Promoting Sustainability in the Colombian maritime industry

With a prominent presence in the Bay of Cartagena, Colombia, the Cartagena Port Group is a leader in Colombian foreign trade and global connectivity. 

The Group boasts annual revenues of $350 million dollars from the three terminals in the Bay of Cartagena and has established an ecosystem that allows shipping lines, importers, and exporters to connect with over 840 ports in 150 countries. These efforts have earned Cartagena recognition as the best-connected port in Latin America and the Caribbean, according to the Port Connectivity Index.

But not everything is about profit. Steer spoke with Silvana Giaimo, Director of Corporate Affairs, to learn how the Cartagena Port Group is addressing social, environmental, and governance challenges while promoting responsible development in the region. 

Silvana’s roots in the maritime industry run deep thanks to her grandfather’s captaincy in first the Italian Navy and later the Grancolombiana Merchant Fleet. This connection has led the director, who has a background and education in urban planning, environmental management and sustainable development, into a role as an intermittent advisor at Cartagena prior to her decade-long run in her current role. 

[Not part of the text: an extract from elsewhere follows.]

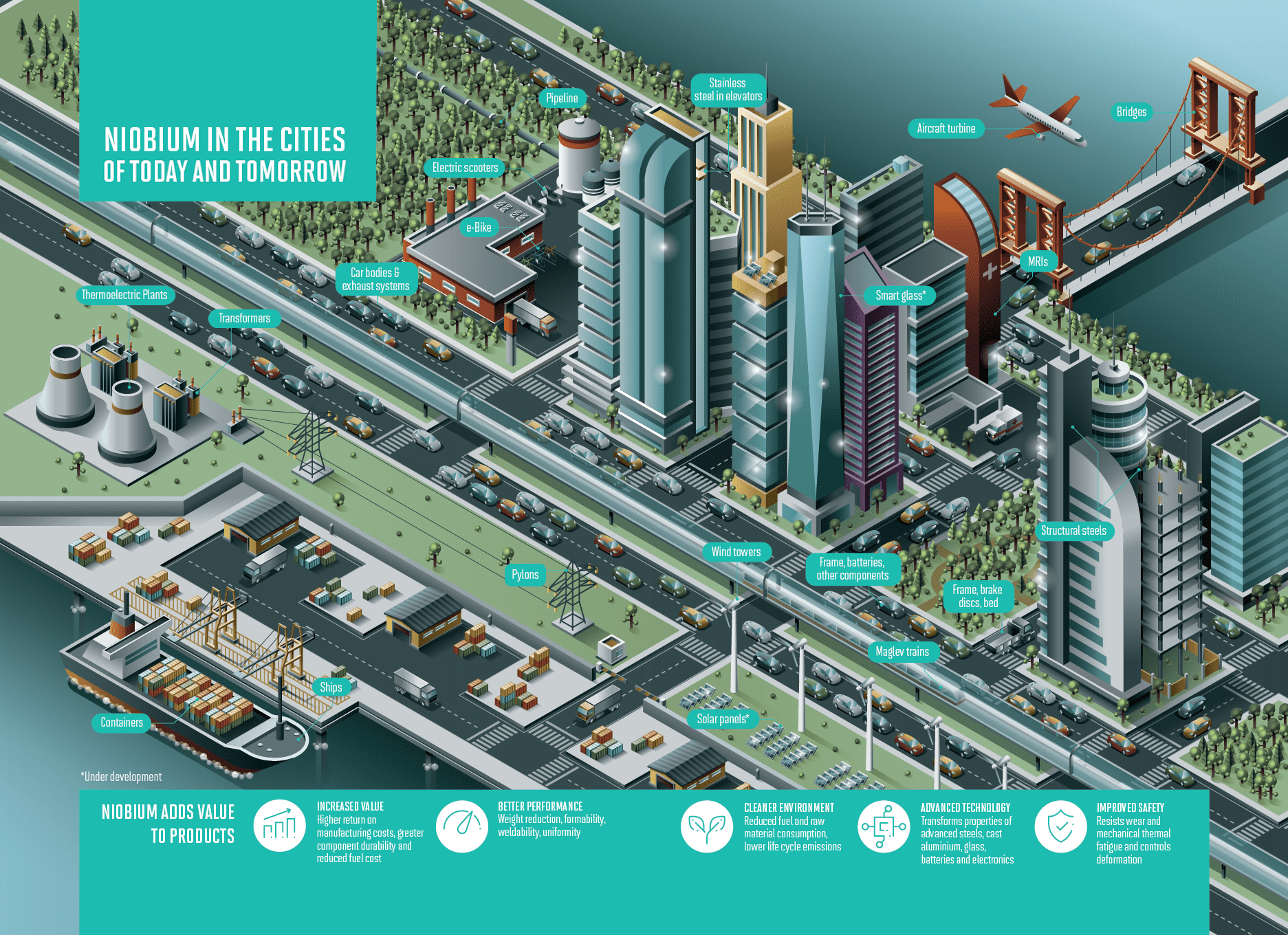 The value proposition of niobium is to transform the properties of materials. It is recognized and applied at scale in sectors like mobility, infrastructure and in the distribution of transitional and renewable energy.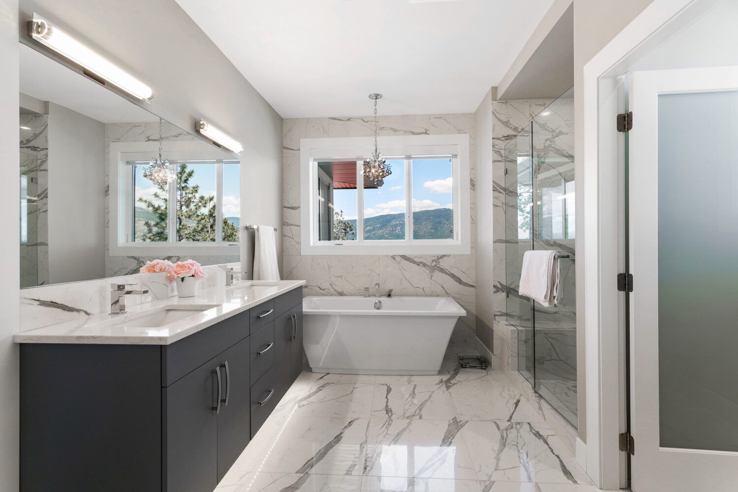 Equally impressive is the upper floor featuring an additional master suite and bedroom with ensuite. The main bedroom provides access to the balcony looking over the pool and incredible views. The ensuite is breathtaking, with floor-to-ceiling tile access to the giant walk-in closet.

The Cartagena Port Group drives Colombian foreign trade and global connectivity, promoting regional and national socio-economic development. According to Silvana, Colombia is of strategic importance, with coasts on the Caribbean Sea and the Pacific Ocean. However, while vital for the regional economy, Silvana identifies several challenges in port operations that need to be addressed to mitigate environmental and social impacts, including energy efficiency, marine ecosystem protection and climate change adaptation.

Silvana believes that implementing an environmental, social, and governance (ESG) vision at the port is essential. The Cartagena port positions itself as a global hub for trade and, as such, must maintain its competitiveness by complying with international standards; to maintain relationships, especially those with established European ports and other leaders in ESG, it’s essential to meet stringent environmental and social regulations. ESG is a state of mind not only for the present but also for the future. In order to stay ahead of the trend, which is increasingly towards mindfulness of climate change and sustainability, it is essential for Cartagena to keep an eye on emerging regulations and maintain its edge in the global market.

Converting diesel cranes to electric, implementing LED lighting, and generating solar energy have all already contributed to significantly reducing the port’s CO2 emissions and improving its operational efficiency. These sustainability investments benefit not only the environment and the community but also represent significant economic gains in the long term through the ability to recover investments through energy savings.

Cartagena’s ESG vision is not all plain sailing, however. One of the main challenges is ensuring that public service energy providers can guarantee a reliable energy supply, especially for port operations that require high power and capacity and when handling sensitive products such as refrigerated containers containing food.

Likewise, building and maintaining trust with local communities residing in port environments is essential for ESG success. Although significant efforts have been made through corporate social responsibility initiatives such as the Cartagena Port Foundation, the challenge remains to establish strong and mutually beneficial relationships with these communities. Good governance will involve building a shared vision of sustainability that involves not only the port organization but also the entire port community and external stakeholders.

Looking ahead, the port is working in various areas to contribute to the achievement of Sustainable Development Goals (SDGs), with an eye to what can be improved both internally and externally. 

Employee training and development is one area of interest. A technological development, leadership skills, and resilience training program has been implemented for employees, and there is a certified training centre to offer internal technical education. Meanwhile, innovation is encouraged through the ‘Port Ideas’ program, which allows employees to present their ideas and, if they are selected, have them implemented through the ‘Implementation Factory’ program. 

On the environment and sustainability front, energy efficiency and carbon footprint reduction remain a priority through installing solar panels, replacing lighting with LED, and other energy-reducing technologies. Infrastructure is built sustainably, with a focus on energy efficiency and the use of environmentally friendly technologies, including solar energy systems, energy-efficient lighting, and electrifying yards to reduce emissions. Likewise, the Port Oasis project preserves and protects biodiversity and marine and land-based ecosystems.

Through innovative initiatives and a proactive mindset, the Cartagena port positions itself as an example of how the maritime industry can integrate sustainable practices to create a positive impact both locally and globally. This holistic approach not only strengthens the port's competitiveness but also promotes a more prosperous and equitable future for the country and the wider region.